Neuroprotective Natural Products' Regulatory Effects on Depression via Gut-Brain Axis Targeting Tryptophan

Abstract

L-tryptophan (Trp) contributes to regulating bilateral communication of the gut-brain axis. It undergoes three major metabolic pathways, which lead to formation of kynurenine, serotonin (5-HT), and indole derivatives (under the control of the microbiota). Metabolites from the principal Trp pathway, kynurenic acid and quinolinic acid, exhibit neuroprotective activity, while picolinic acid exhibits antioxidant activity, and 5-HT modulates appetite, sleep cycle, and pain. Abnormality in Trp plays crucial roles in diseases, including depression, colitis, ulcer, and gut microbiota-related dysfunctions.
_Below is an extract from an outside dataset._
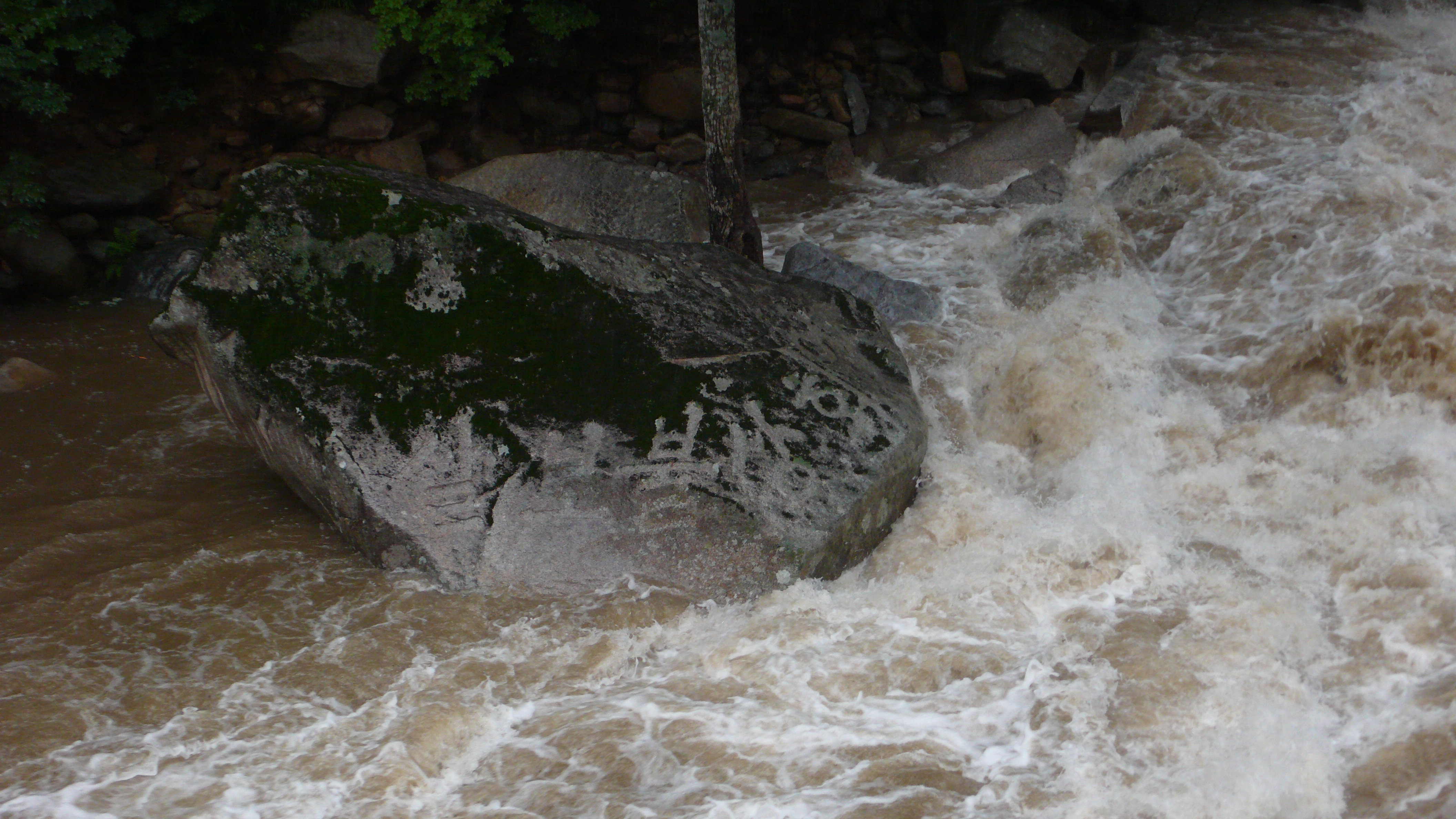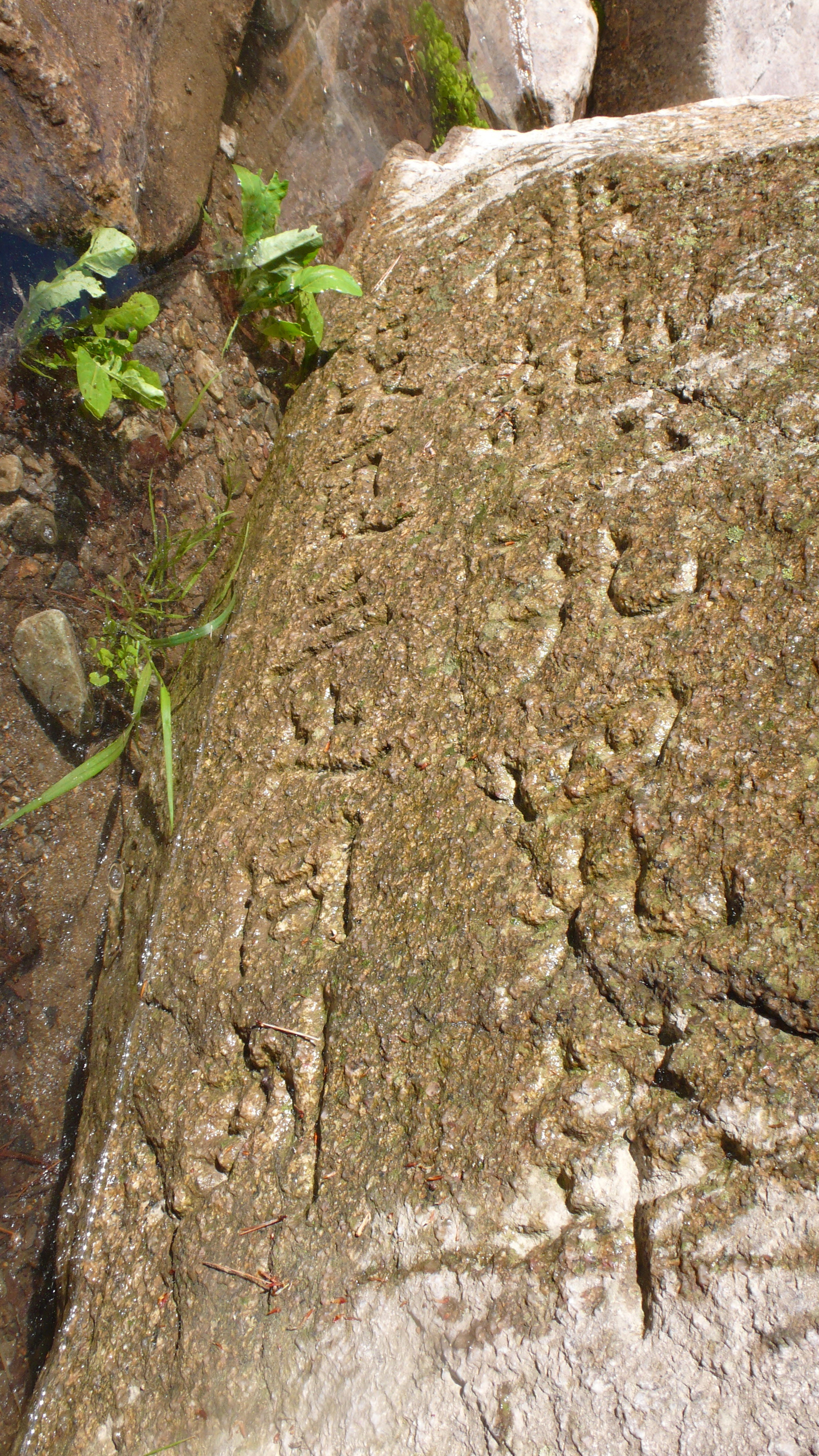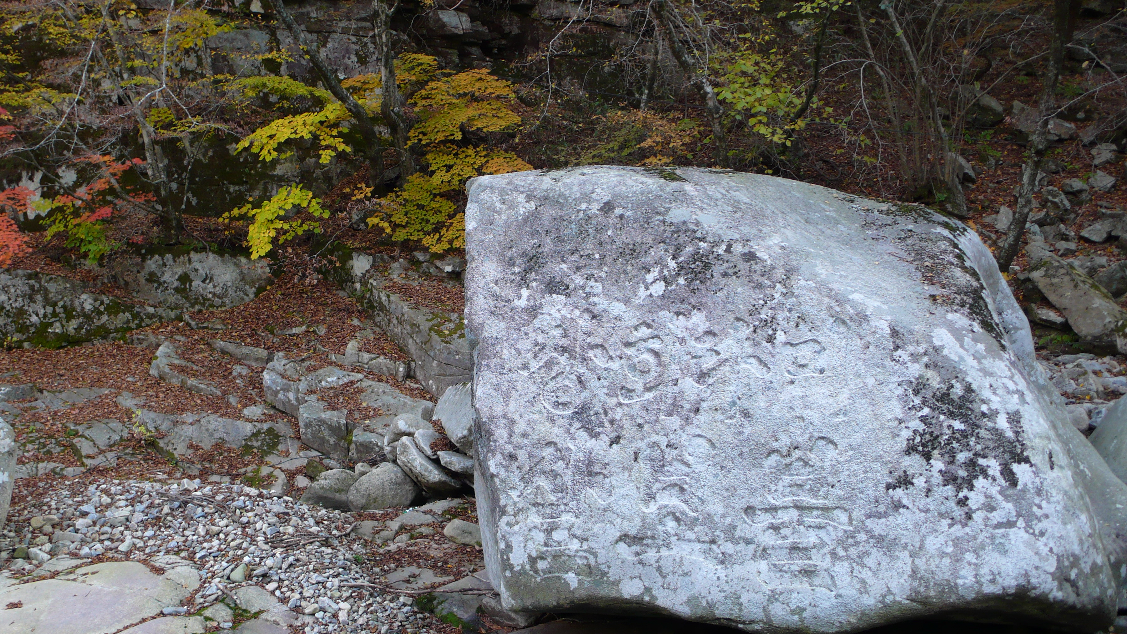 나무아미타불을 새긴 구선암 옆에서 삼신불 명호를 동시에 새겼다는 바위기록이 발견되었다. 넘어진 바위에 반쯤 물에 잠긴체 석문이 새겨져 있다.

To address these diseases, the use of natural products could be a favorable alternative because they are a rich source of compounds that can modulate the activity of Trp and combat various diseases through modulating different signaling pathways, including the gut microbiota, kynurenine pathway, and serotonin pathway. Alterations in the signaling cascade pathways via different phytochemicals may help us explore the deep relationships of the gut-brain axis to study neuroprotection. This review highlights the roles of natural products and their metabolites targeting Trp in different diseases. Additionally, the role of Trp metabolites in the regulation of neuroprotective and gastroprotective activities is discussed. This study compiles the literature on novel, potent neuroprotective agents and their action mechanisms in the gut-brain axis and proposes prospective future studies to identify more pharmaceuticals based on signaling pathways targeting Trp.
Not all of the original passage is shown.